Task to complete>
From the first line to the last, repeat the data exactly and drop the pictures.

▼

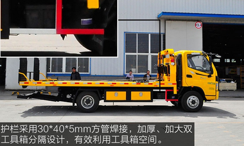 平板伸縮油缸及托臂托舉油缸都進行加粗設(shè)計,有效地避免了平板伸縮發(fā)抖、后托舉無力的現(xiàn)象,提高了作業(yè)效率,擴大救援范圍。最值得一提的當屬該車的噴漆工藝了,采用拋丸、電泳(目前國內(nèi)只有2家企業(yè)使用有該工藝)、烤漆(進行有3層噴漆處理,從底層上漆到表層上漆再到最后的烤漆)、噴砂處理,使平板耐酸堿、防滑、延長使用壽命。護欄采用30*40*5mm方管焊接,加厚、加大雙工具箱分隔設(shè)計,有效利用工具箱空間,易損件和金屬件分開存放,避免額外的損失。
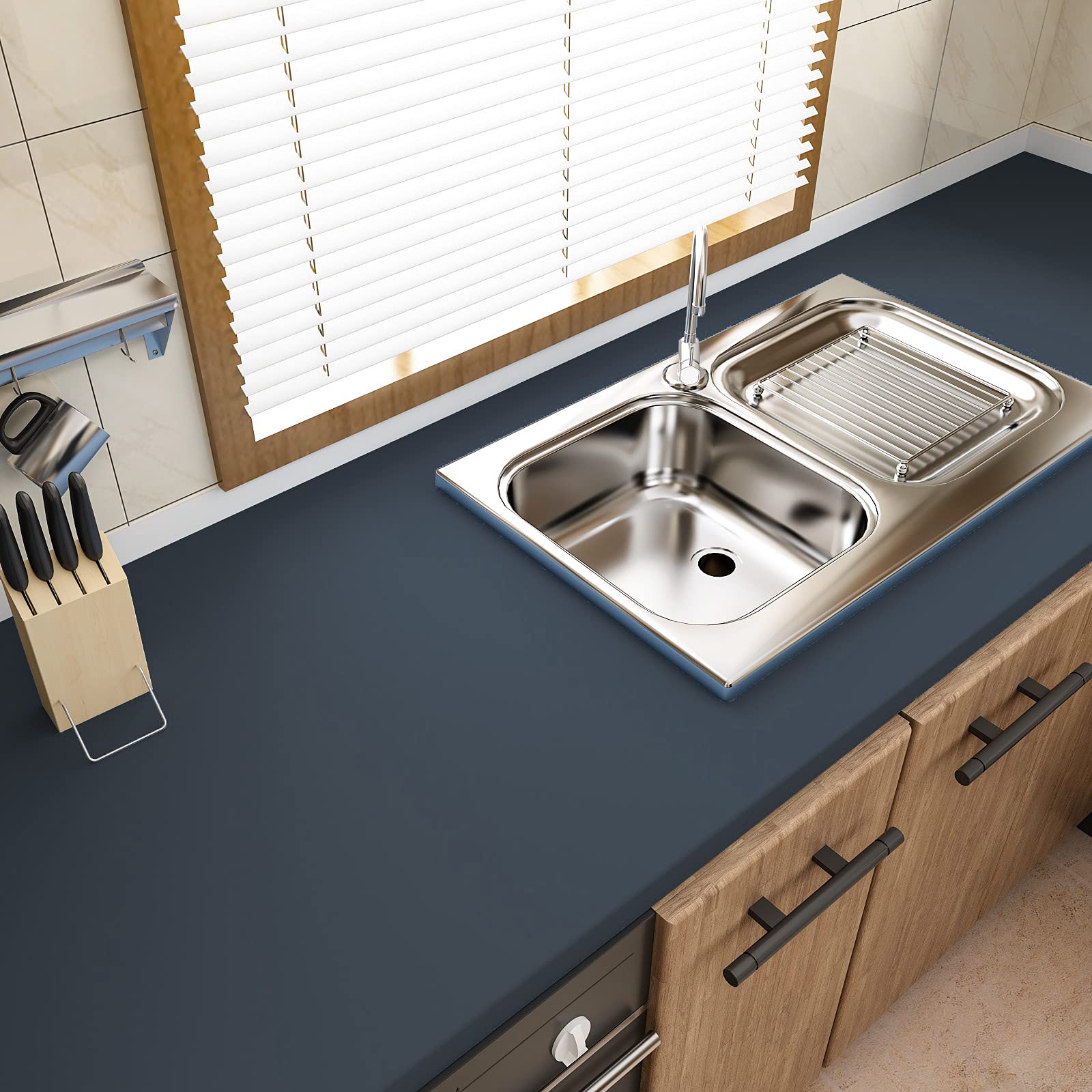 【使いやすい】ダークブルーのビニール製壁紙シールは、接着剤がいりません。剥がして貼り付けるだけです。壁紙の裏側にあるグリッド線はカットしやすく、とても便利です。 キャビネット、カウンタートップ、棚に適しています。または、お好みな清潔で乾燥した平らかな表面に貼り付けることができます
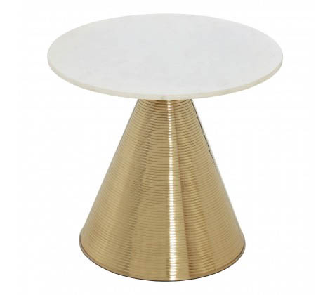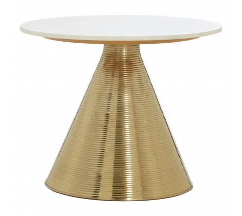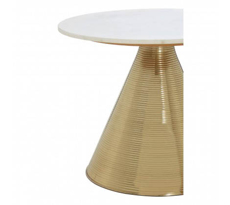 Acklam table, white marble top, gold finish base Materials: Marble Features: White marble top, Rich gold finish, Textured base, Contemporary
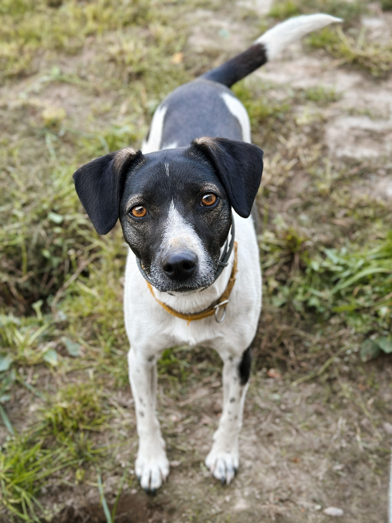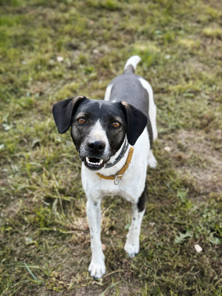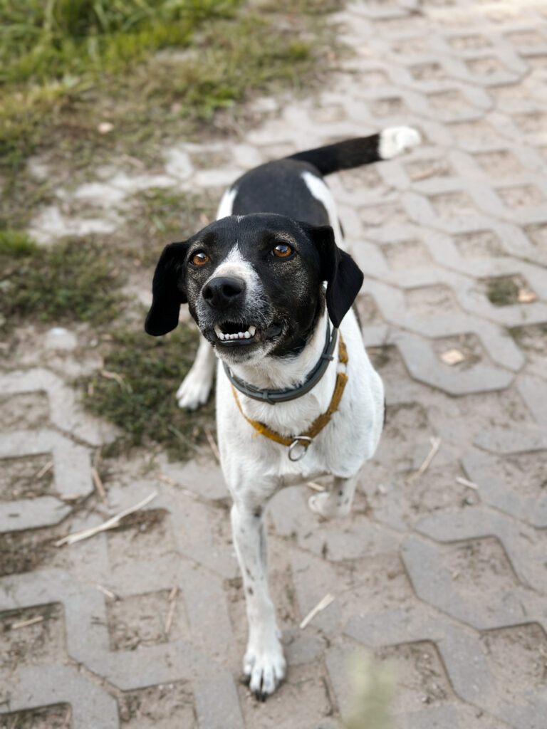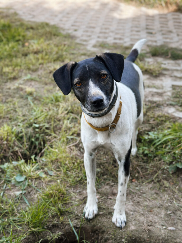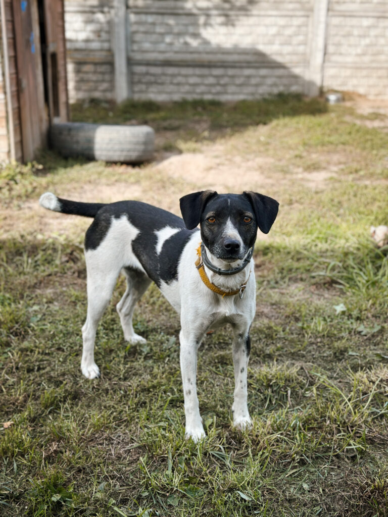 Łatka to młoda i delikatna sunia o pięknym “łaciatym umaszczeniu”. Na początku była wystraszona i zagubiona, powoli staje się coraz bardziej pewna siebie. Potrzebuje cierpliwości i czasu, aby zaufać człowiekowi, co nie przeszkadza jej w robieniu dużych postępów.
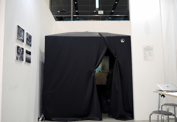 浅草に拠点を置くASAKUSAは、ブースに暗幕で覆われたテントを設置。そのなかでヨシュア・オコン、ポーリン・ボードリ / レナーテ・ロレンツ、ヤコルビ・サッタ―ホワイトの映像作品3点を上映するという異色の展示。映像作品はすべて人種や性的嗜好による差別に言及するもので、「見世物小屋」に象徴されるマイノリティーの存在を、フェアという商業的な場で(隠しながら)見せるという挑発的なものだった。ブースでは「文化的生産と促進における重要な舞台である本会場で、批判的な想像力を通して政治的公正に挑戦する以下の作品をご紹介いたします」(抜粋)という文言が掲げてあり、ギャラリーのアートフェアに対する明確な態度が感じられる。
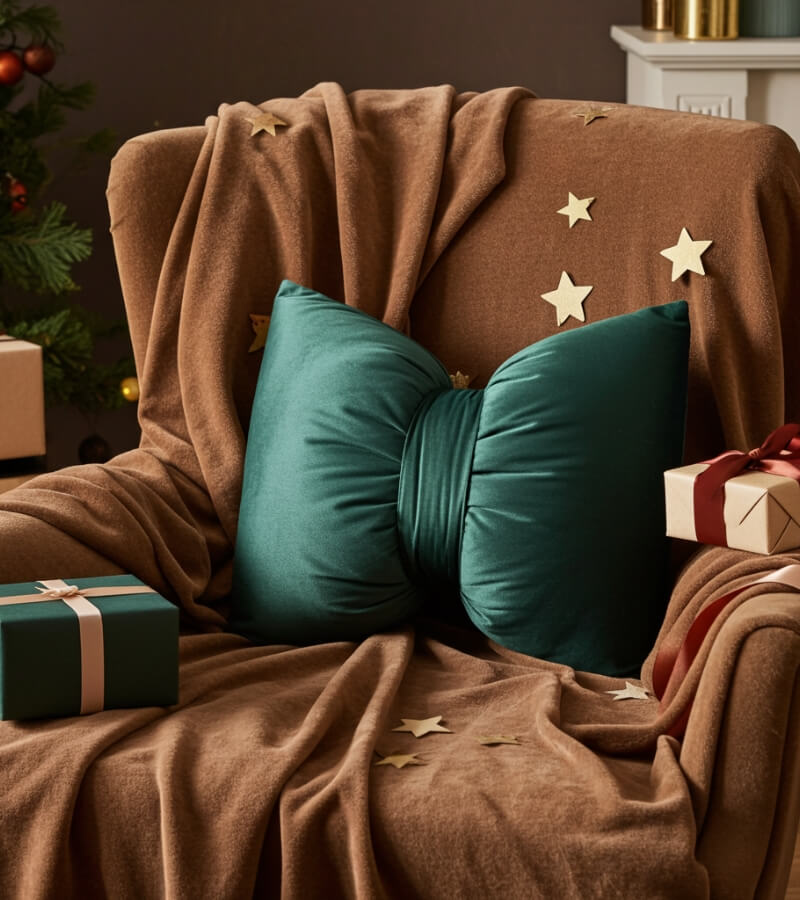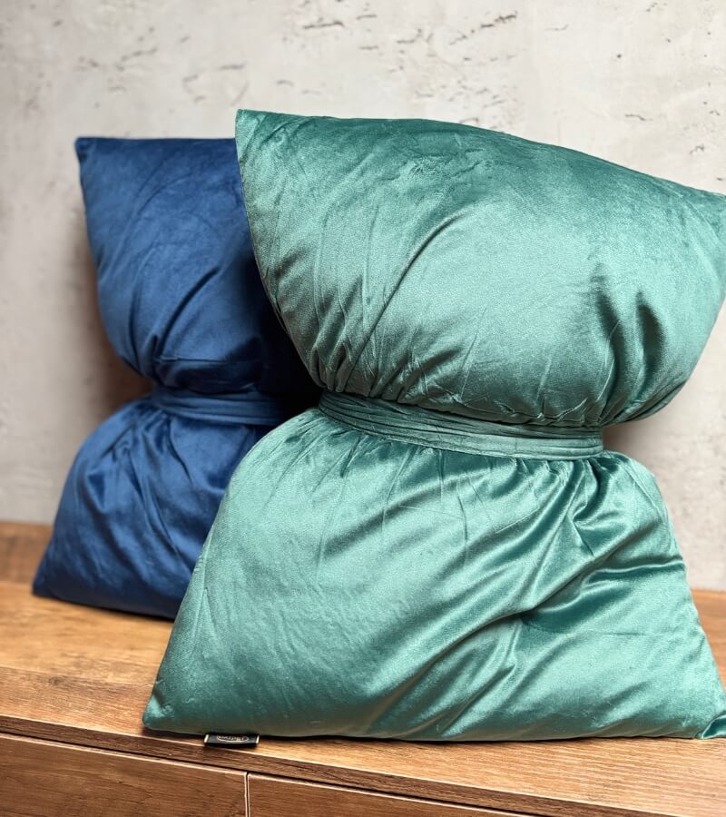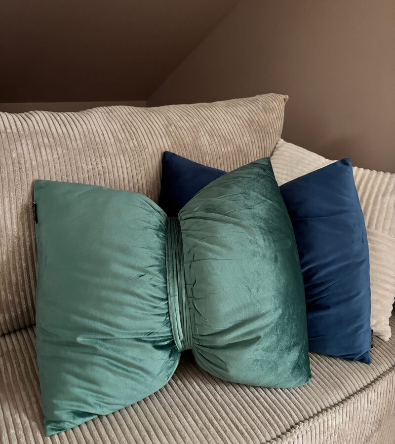 • Miękka poduszka kokarda z welwetu – efekt „wow” w salonie i sypialni
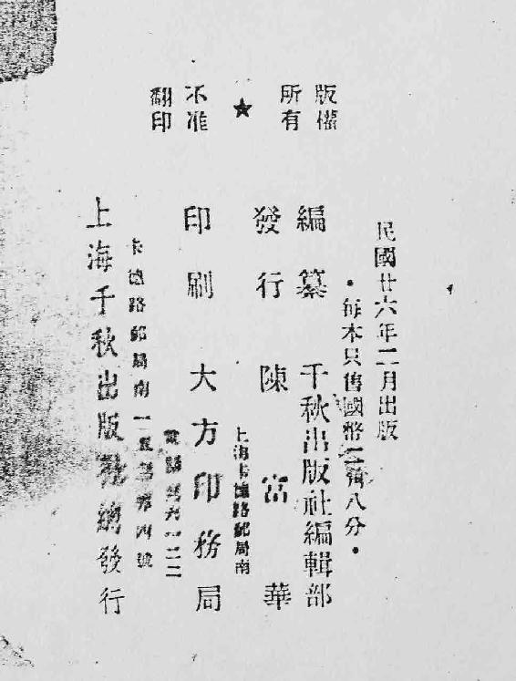 ■ 《鲁迅先生轶事》封面■ 《鲁迅先生轶事》版权页 鲁迅先生在《三月的租界》里批判的是狄克,《鲁迅先生轶事》一书说《三月的租界》批判的是张春桥,不言而喻:狄克=张春桥!
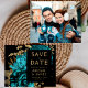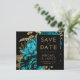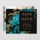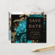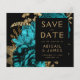 This elegant, moody wedding Save the Date card features a lush, romantic floral bouquet in turquoise with gold faux foil and glitter foliage on a black background. Customise the gold-coloured text in stylish fonts on a black rectangle, and add your favourite horizontal photo to the back.
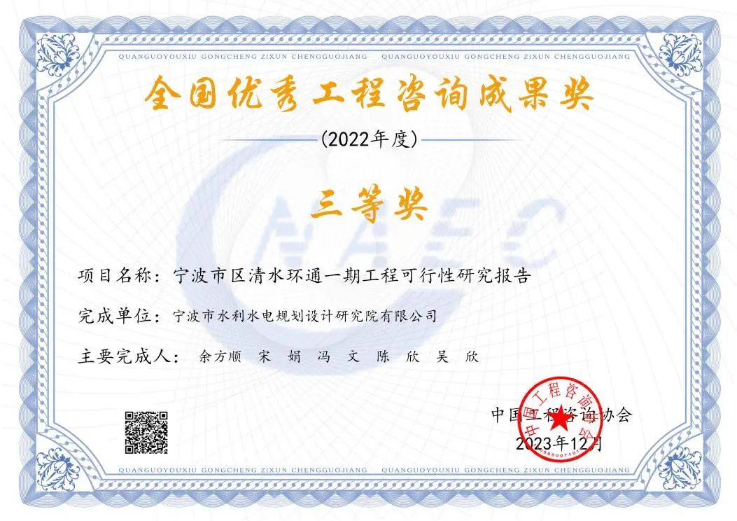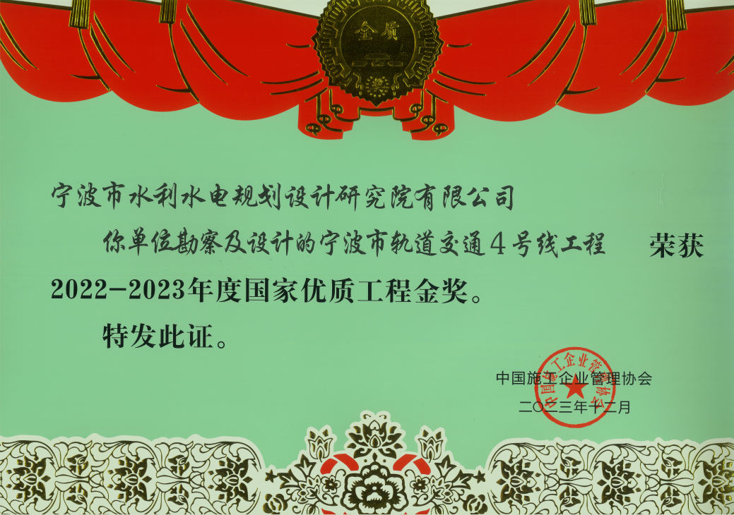2023年我院多個項(xiàng)目在各類評比中脫穎而出,榮獲中國水利工程優(yōu)質(zhì)(大禹)獎、國家優(yōu)質(zhì)工程金獎、全國優(yōu)秀工程咨詢成果三等獎、浙江省水利科技創(chuàng)新獎、浙江省水土保持學(xué)會第三屆優(yōu)秀設(shè)計(jì)三等獎、“浙江省文明標(biāo)化工地”稱號、2023 年度寧波市建設(shè)工程優(yōu)秀勘察設(shè)計(jì)獎、2023年度寧波市“甬江建設(shè)杯”優(yōu)質(zhì)工程獎、寧波市水利科技創(chuàng)新獎、寧波市水利學(xué)會優(yōu)秀論文獎等各類榮譽(yù)20余項(xiàng)。
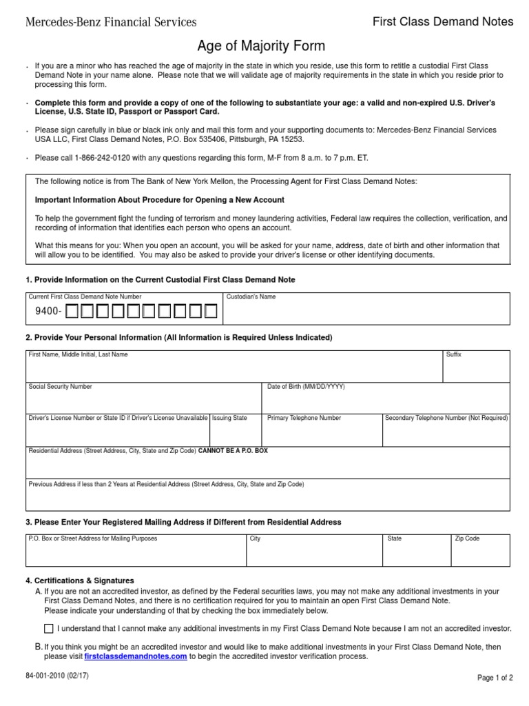 Age of Majority Form Post Office Box Investor

▲

Answer section>
 平板伸縮油缸及托臂托舉油缸都進行加粗設(shè)計,有效地避免了平板伸縮發(fā)抖、后托舉無力的現(xiàn)象,提高了作業(yè)效率,擴大救援范圍。最值得一提的當屬該車的噴漆工藝了,采用拋丸、電泳(目前國內(nèi)只有2家企業(yè)使用有該工藝)、烤漆(進行有3層噴漆處理,從底層上漆到表層上漆再到最后的烤漆)、噴砂處理,使平板耐酸堿、防滑、延長使用壽命。護欄采用30*40*5mm方管焊接,加厚、加大雙工具箱分隔設(shè)計,有效利用工具箱空間,易損件和金屬件分開存放,避免額外的損失。
 【使いやすい】ダークブルーのビニール製壁紙シールは、接着剤がいりません。剥がして貼り付けるだけです。壁紙の裏側にあるグリッド線はカットしやすく、とても便利です。 キャビネット、カウンタートップ、棚に適しています。または、お好みな清潔で乾燥した平らかな表面に貼り付けることができます
 Acklam table, white marble top, gold finish base Materials: Marble Features: White marble top, Rich gold finish, Textured base, Contemporary
 Łatka to młoda i delikatna sunia o pięknym “łaciatym umaszczeniu”. Na początku była wystraszona i zagubiona, powoli staje się coraz bardziej pewna siebie. Potrzebuje cierpliwości i czasu, aby zaufać człowiekowi, co nie przeszkadza jej w robieniu dużych postępów.
 浅草に拠点を置くASAKUSAは、ブースに暗幕で覆われたテントを設置。そのなかでヨシュア・オコン、ポーリン・ボードリ / レナーテ・ロレンツ、ヤコルビ・サッタ―ホワイトの映像作品3点を上映するという異色の展示。映像作品はすべて人種や性的嗜好による差別に言及するもので、「見世物小屋」に象徴されるマイノリティーの存在を、フェアという商業的な場で(隠しながら)見せるという挑発的なものだった。ブースでは「文化的生産と促進における重要な舞台である本会場で、批判的な想像力を通して政治的公正に挑戦する以下の作品をご紹介いたします」(抜粋)という文言が掲げてあり、ギャラリーのアートフェアに対する明確な態度が感じられる。
 • Miękka poduszka kokarda z welwetu – efekt „wow” w salonie i sypialni
 ■ 《鲁迅先生轶事》封面■ 《鲁迅先生轶事》版权页 鲁迅先生在《三月的租界》里批判的是狄克,《鲁迅先生轶事》一书说《三月的租界》批判的是张春桥,不言而喻:狄克=张春桥!
 This elegant, moody wedding Save the Date card features a lush, romantic floral bouquet in turquoise with gold faux foil and glitter foliage on a black background. Customise the gold-coloured text in stylish fonts on a black rectangle, and add your favourite horizontal photo to the back.
2023年我院多個項(xiàng)目在各類評比中脫穎而出,榮獲中國水利工程優(yōu)質(zhì)(大禹)獎、國家優(yōu)質(zhì)工程金獎、全國優(yōu)秀工程咨詢成果三等獎、浙江省水利科技創(chuàng)新獎、浙江省水土保持學(xué)會第三屆優(yōu)秀設(shè)計(jì)三等獎、“浙江省文明標(biāo)化工地”稱號、2023 年度寧波市建設(shè)工程優(yōu)秀勘察設(shè)計(jì)獎、2023年度寧波市“甬江建設(shè)杯”優(yōu)質(zhì)工程獎、寧波市水利科技創(chuàng)新獎、寧波市水利學(xué)會優(yōu)秀論文獎等各類榮譽(yù)20余項(xiàng)。
 Age of Majority Form Post Office Box Investor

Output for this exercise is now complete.